- 169 -

1954 ГОД

 

Лето 1954 года я провел на Украине.

Украина запомнилась мне мягкими линиями ландшафта, разрытыми курганами, аистами-черногузами, разгуливающими по жирному чернозему, музыкой, теплом людей и природы, неожиданной нищетой селян и откровенной неприязнью к русским, к «москалям», полным солнечным затмением и... наваждениями в духе Николая Васильевича Гоголя.

С дедом моего приятеля, у которого мы проводили лето, мы возвращались из Белой Церкви домой. Еще в городе дед встретил знакомых, тащившихся на арбе в то же село. Они пригласили нас с собой.

 

- 170 -

Дед сказал, что забежит в магазин и встретит нас на выходе из города. На условленном месте его не оказалось, мы немного подождали и поехали без него. Когда мы приехали в село, было уже совсем темно.

«Тут совсем рядом, ты же знаешь?» — спросили меня. — «Да», — бодро ответил я, не имея абсолютно никакого представления, где я нахожусь. Я не умел говорить «нет» и часто страдал от этого. Украинское село — это нечто грандиозное: полторы-две тысячи дворов, заплетенные без всякого видимого порядка в несметное количество улочек и закоулков, без указателей и названий, с хатами, обращенными окнами во дворы, надежно закрытые от посторонних глаз плетнями и глухими стенами. Меня окружали огромные темные деревья, было тепло, слышался звон цикад и лай многочисленных собак. Я пошел наугад в направлении, которое мне указали.

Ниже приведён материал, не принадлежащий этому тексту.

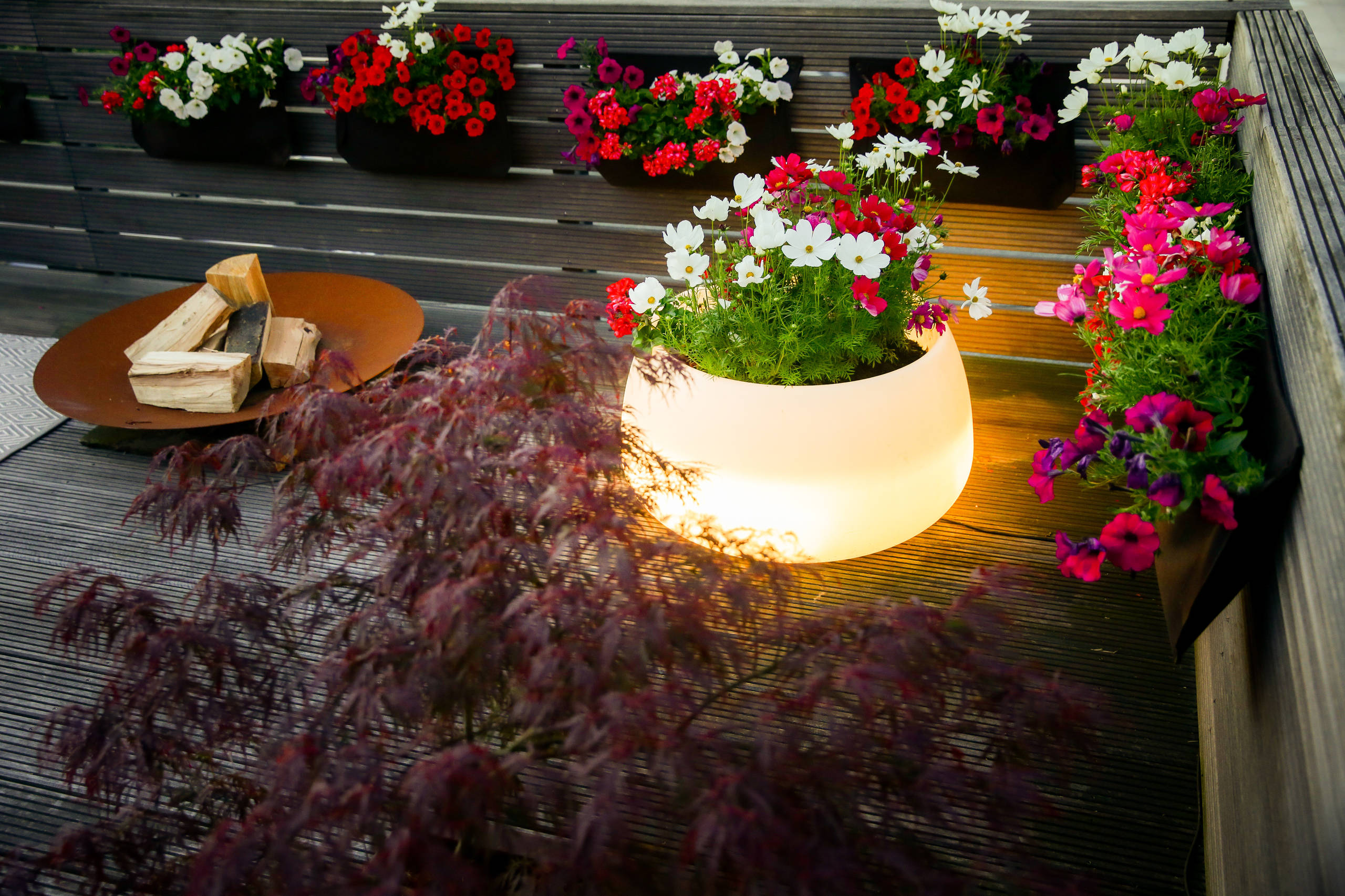 Eine schöne Lichtwirkung auf dem Balkon oder der Terrasse kann man auch mit einer angestrahlten, üppigen Vegetation erzielen. „Blumenkübel oder auch kleine Beete werden etwa durch Bodeneinbau- oder Spießstrahler auf stimmungsvolle Weise inszeniert“, so Yetgin. Um eine Blendung zu vermeiden, sollte die Lichtrichtung immer dieselbe wie die Blickrichtung sein. Ist der Außenbereich klein, reichen auch Leuchten mit Erdspieß, die in den Pflanztopf gesteckt werden ( (und ganz leicht wieder umgesetzt werden können).
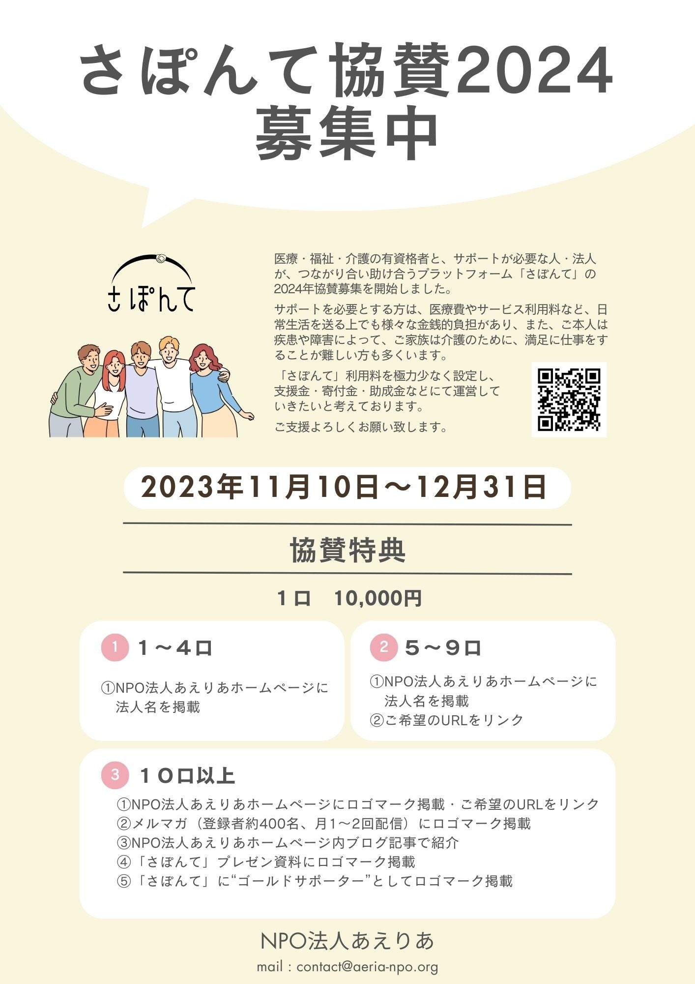 『さぽんて』利用料を極力少なく設定し、協賛金・寄付金・助成金などにて運営していきたいと考えております。

В украинских селах собак на ночь спускают с привязи, и они огромными стаями носятся по пустынным улицам. Я слышал их лай, он становился все громче, и я понял, что собаки бегут за мной. Когда они почти настигли меня, я замер, а собаки, обступив меня тесным кольцом, большие и огромные, маленькие и средние, гладкие и лохматые, озверело лаяли, скалили зубы и пытались наскочить на меня. Мало знакомый с собачьим нравом, я стоял не шевелясь и ждал, когда они разорвут меня на части. Понемногу их лай стал ослабевать и перестал быть злым, в нем не было прежнего азарта, а слышался исконно русский вопрос: что делать? Собаки стали отвлекаться, чесаться, поднимать заднюю ногу, принюхиваться друг к другу и вскоре потеряли ко мне всякий интерес. Некоторые стали отбегать в сторону, за ними устремились другие, и, наконец, я остался совершенно один. Чудным образом вокруг все осветилось лунным светом, стало знакомым, и я без труда узнал переулок и хату, в которой мы жили.

 

- 171 -

Домой мы уезжали со станции Кагарлык. Местный поезд отправлялся рано, идти туда надо было около семи километров, и дед договорился со знакомой женщиной, жившей в селе недалеко от станции, что мы у нее переночуем. Это была еще молодая одинокая женщина с девочкой примерно нашего возраста. Нас уложили спать на глинобитном полу чистой украинской хатки с расшитыми занавесками и цветочками на окнах. Уже засыпая, я случайно открыл глаза и обмер: в серебряном свете луны у нас над головами мелькало белое привидение, будто сама Панночка с распущенными волосами беззвучно кружила по комнате. Окончательно стряхнув сон, я понял — это наша босоногая хозяйка в длинной ночной рубахе легкими неслышными прыжками стремительно, как в балете, перемещалась по комнате, истово осеняя крестным знамением нас, спящих, а также окна и двери хаты.

* * *

 

На Казанском вокзале встречаю мать из отпуска с юга. Поезд приходил рано, около пяти утра, я провалялся всю ночь под лавкой в зале ожидания с тонкой книжицей о Люцифере, которую одолжил у бездомного паренька, обитавшего на вокзале.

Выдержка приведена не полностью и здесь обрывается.